Models and algorithms for lighting simulation. When image quality is of first interest for applications, computing an image requires solving the general integral equation of rendering. Due to its nature, this recursive integral equation is solved using Monte Carlo techniques. By expressing the light transport equation not only in 3D space but also in infinite dimensional path-space two main problems arise : how to minimize the variance of the Monte Carlo estimator and how to minimize computational complexity when exploring infinite dimensional space. The main results obtained by the group in this field concern efficient sampling of path-space  and parallelization of the algorithm using both CPU and GPU .
Implicit surfaces modeling and rendering. 3D object modeling remains an open problem as far as efficient user manipulation and adaptation of the 3D surface description for rendering is concerned. By studying implicit surfaces as an alternative representation of 3D objects, the group aims to provide the user intuitive control over its creation process. Implicit modeling relies on the ability to blend several implicit surfaces to define a global geometry. We have solved old problems of implicit blending by defining a gradient-based blending operator  that allows an efficient control over the final shape. Efficient algorithms were also developed to render implicit surfaces by ray-tracing 11842] and, thanks to the properties of our blending operator, we have proposed a real-time skinning process for skeletal animation that simplifies the rigging and skinning workflow for content creation .
Meshes, B-Rep and CAD. Meshes and B-Rep nevertheless remain the main surface representation for interactive applications or for CAD modeling. In order to improve the creation, edition and visualization process of such surface representation, we have developed robust algorithms allowing topologically consistent interactive remeshing of deformable surfaces  but also fast and accurate adaptive meshing of B-REP surfaces for CAD visualization .
Content creation for computer graphics remains a complex problem while the requirements and the expectations from the constantly increasing number of users are getting more and more prominent. On the one hand, the representation and the computation of the data required to combine 3D objects, animation parameters and lighting parameters into a computer generated picture leads to mathematical modeling, data structure and algorithmic complexity problems. On the other hand, creating, editing and exploiting such data relies on efficient user interactions with these objects and requires versatile creation and edition metaphors hiding the mathematical complexity of the 3D content. This ambivalent vision of content creation for computer graphics is at the heart of our scientific objectives for the next period : the definition of domain-centered content creation frameworks for animated computer graphics.

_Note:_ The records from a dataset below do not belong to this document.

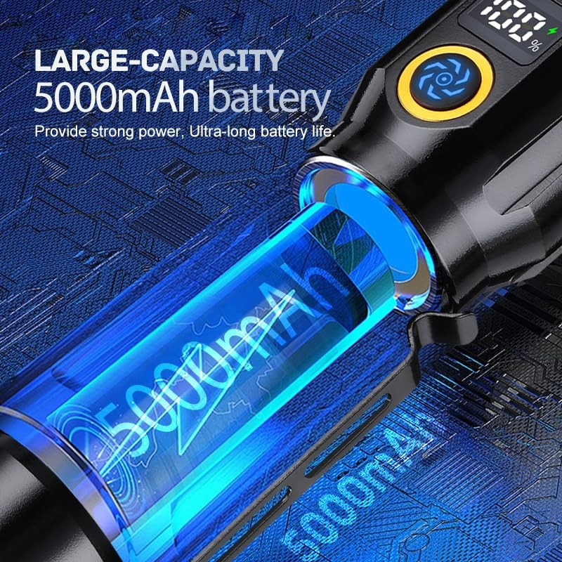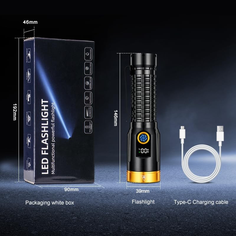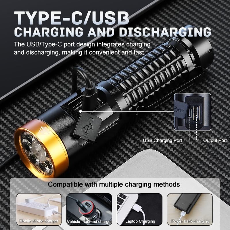 - Power Bank Function and USB-C Fast Charging: This flashlight has a built-in USB output port, which can be used as a portable power bank to charge phones and other devices, making it perfect for outdoor exploration and travel. The flashlight is equipped with a LCD power display and a USB-C fast charging port to ensure that the flashlight can be charged, so you can quickly restore it to full charge when needed.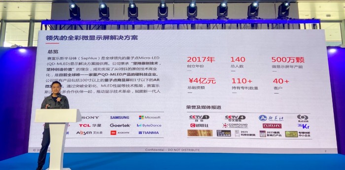 3月5日,2026中国国际LED产业发展大会上,赛富乐斯产品副总监谢蒙发表主题演讲,围绕R系列量子点芯片与量子点COB融合技术,解析其依托NPQD®专利实现的全角度高色准、宽色域等技术突破,该组合还具备低功耗、长寿命、高防护优势。谢蒙提到,该技术组合已落地多行业应用,尤其在CAVE屏领域优势显著:大视角色偏由常规15%降至不足3%,色彩精准度提升超5倍,打破常规显示瓶颈,为商显、XR、虚拟拍摄等领域树立新标杆,助力行业视觉升级与创新。
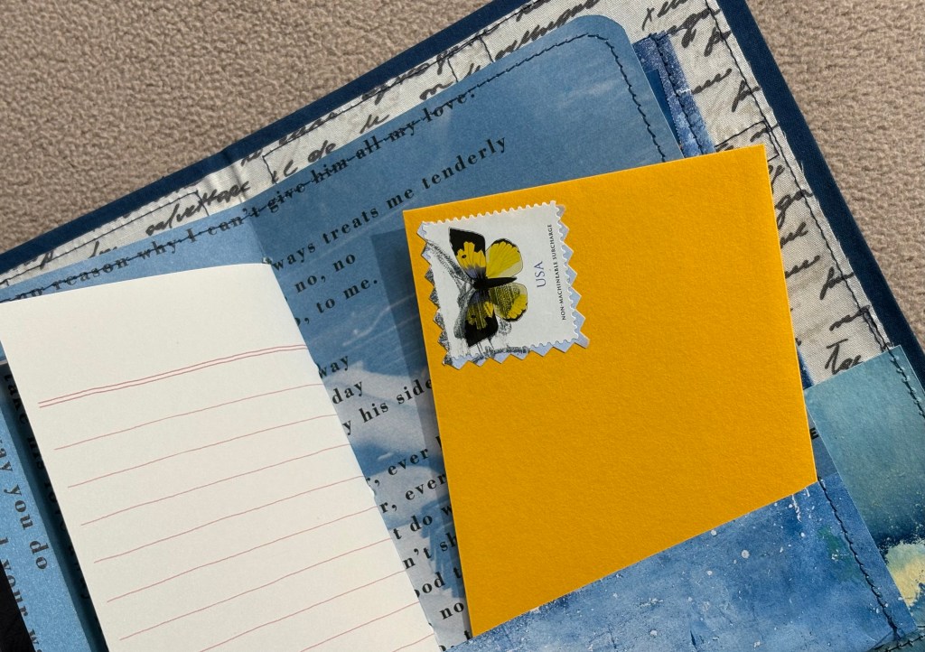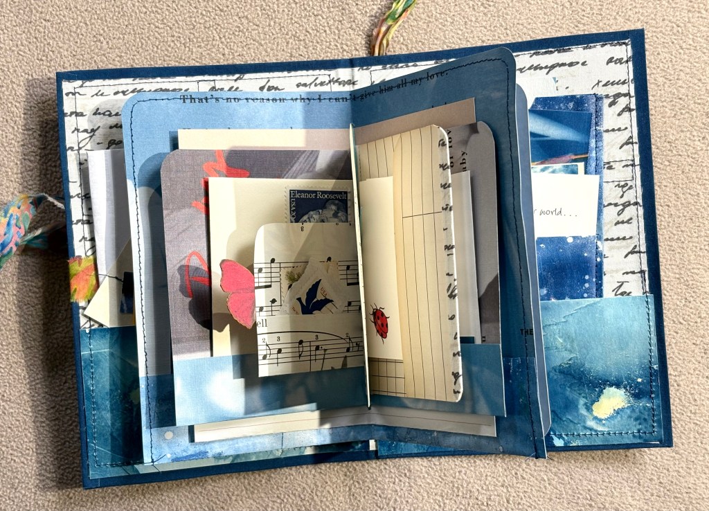 Yes, please, MaryAnn, I’d love a Joy Journal. Please use papers from your vast collection, please include cyanotype prints in the mix, please give me pockets I could fill with my own poems and art.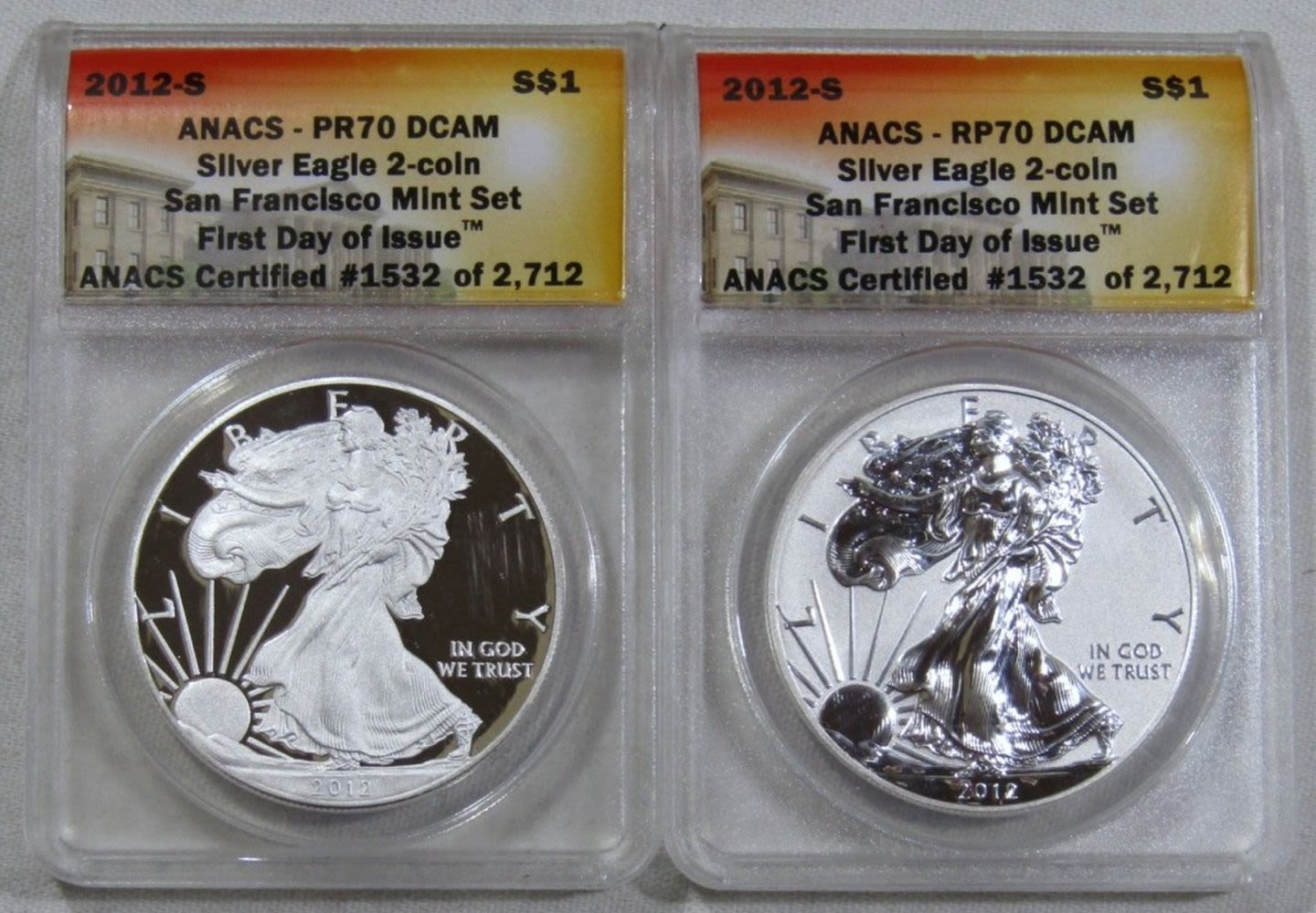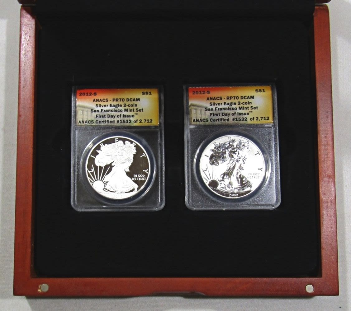 SAN FRANCISCO MINT SET PR-70 DCAM & RP-70 DCAM BOTH FIRST DAY OF ISSUE. IN DISPLAY CASE.

By relying on our joint geometry/appearance approach, we plan to address bottlenecks in geometric aspect of skeletal animation guided by visual objectives, efficient sampling strategies for stochastic algorithms and user editing method for picture generation. Efficient sampling and user editing of image synthesis. With the advance of widely available geometric modeling and content creation software, users can create wide detailed worlds with realistic appearance. Physically based rendering algorithms, such those presented in our scientific assessment, are now quite mature and allow the simulation of fine global illumination effects, even though the time and space footprint of these algorithms still need improvements.
Efficient sampling and reconstruction methods for picture generation. Light transport integral equation used by physically based renderers is nowadays commonly solved using Monte Carlo based techniques. As these rely on sampling of the integration domain (light-path space), we plan to analyze the spatial and frequency properties of the light transport equations to define a sampling scheme that minimize the number of nD samples (light paths) required to reconstruct the light signal in image space. Some works already use frequency analysis or differential analysis of light transport to reduce the sampling rate of the integration domain. Built on our Monte-Carlo techniques expertise for lighting simulation, we plan to study how compressive sensing will help to obtain efficient evaluation of light transport for the computation of consistent images.

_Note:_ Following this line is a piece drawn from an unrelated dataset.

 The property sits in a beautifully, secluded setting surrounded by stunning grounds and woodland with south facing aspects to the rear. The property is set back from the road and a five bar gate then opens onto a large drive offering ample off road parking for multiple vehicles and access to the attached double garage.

User control. From a user point of view, the parameterization of rendering algorithms and the edition of the resulting picture to obtain a particular visual aspect to depict a scene is still a major issue : the user modifies the 3D scene definition and updating the finale image needs time consuming re-computation ; editing appearance and lighting involves the understanding and control of light propagation on a perceptual point of view. By exploiting the light-path space formulation of rendering algorithms, we currently work on a geometric metaphor to edit light propagation paths and the characterization of local appearance properties. Our objective is to provide efficient editing approach, with perceptually motivated algorithms. Taking benefit from the efficient sampling, our middle term goal is to provide real-time editing of image synthesis.

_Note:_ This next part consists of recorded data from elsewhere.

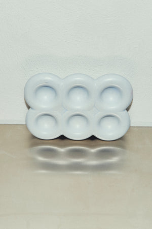 A playful yet sculptural egg tray for six, featuring a bubbly texture and a soft sky-blue finish. Functional with personality, it brings a touch of whimsy and color to your kitchen or table — practical, cheerful, and entirely unique.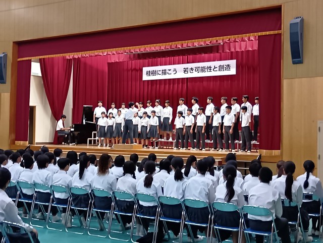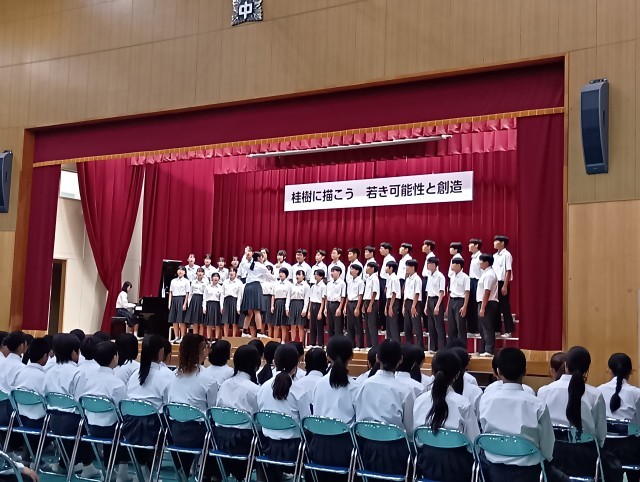 午後は、先日の合唱コンクールで各学年金賞を受賞したクラスの発表がありました。学年の代表として堂々とした歌声を披露してくれました。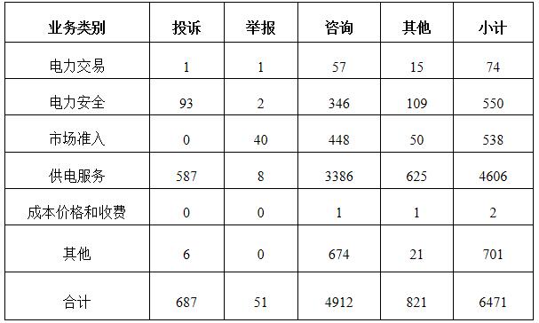 電力行業(yè)投訴舉報(bào)數(shù)量為738件,占全部投訴舉報(bào)數(shù)量的94.25%。反映的主要問(wèn)題有:一是部分地區(qū)受雷雨強(qiáng)風(fēng)等惡劣天氣影響導(dǎo)致故障停電,停電后修復(fù)周期較長(zhǎng);二是部分地區(qū)供電設(shè)施老舊,網(wǎng)架比較薄弱,供電半徑長(zhǎng)、線(xiàn)徑小,導(dǎo)致頻繁停電和低電壓;三是個(gè)別供電企業(yè)工作人員服務(wù)意識(shí)不強(qiáng),影響了群眾正常用電或者辦理涉電業(yè)務(wù);四是部分地區(qū)電力企業(yè)辦理承裝(修、試)電力設(shè)施許可證時(shí),使用非本企業(yè)員工證件,涉嫌提供虛假申請(qǐng)材料。

Geometric aspect of skeletal animation guided by visual objectives. At short-term, we will follow the new line of research opened by the implicit skinning technique. It is a new approach for the computation of plausible skin deformations during animations and several researches have to be carried out in order to adapt the technique to the users needs and to increase its robustness and versatility. In parallel, we work with the SATT Toulouse Tech Transfer in order to transfer our technology in the simulation and animation industry. At medium and long-term, we will investigate around the joint use of implicit surfaces and meshes. We see this association as extremely promising as soon as collisions and deformations are to be computed and treated in a 3D application. From a higher level, we will study the definition of "interactors" that would define the way objects geometrically interact when they come into contact in a dynamic 3D environment. Often binary, this concept could be studied up to its limits, when a very large number of collisions are to be treated in the same interactor. Computing and treating collisions in an interactive way remains a very challenging open problem that a dedicated instantiation of the theoretical interactors could solve.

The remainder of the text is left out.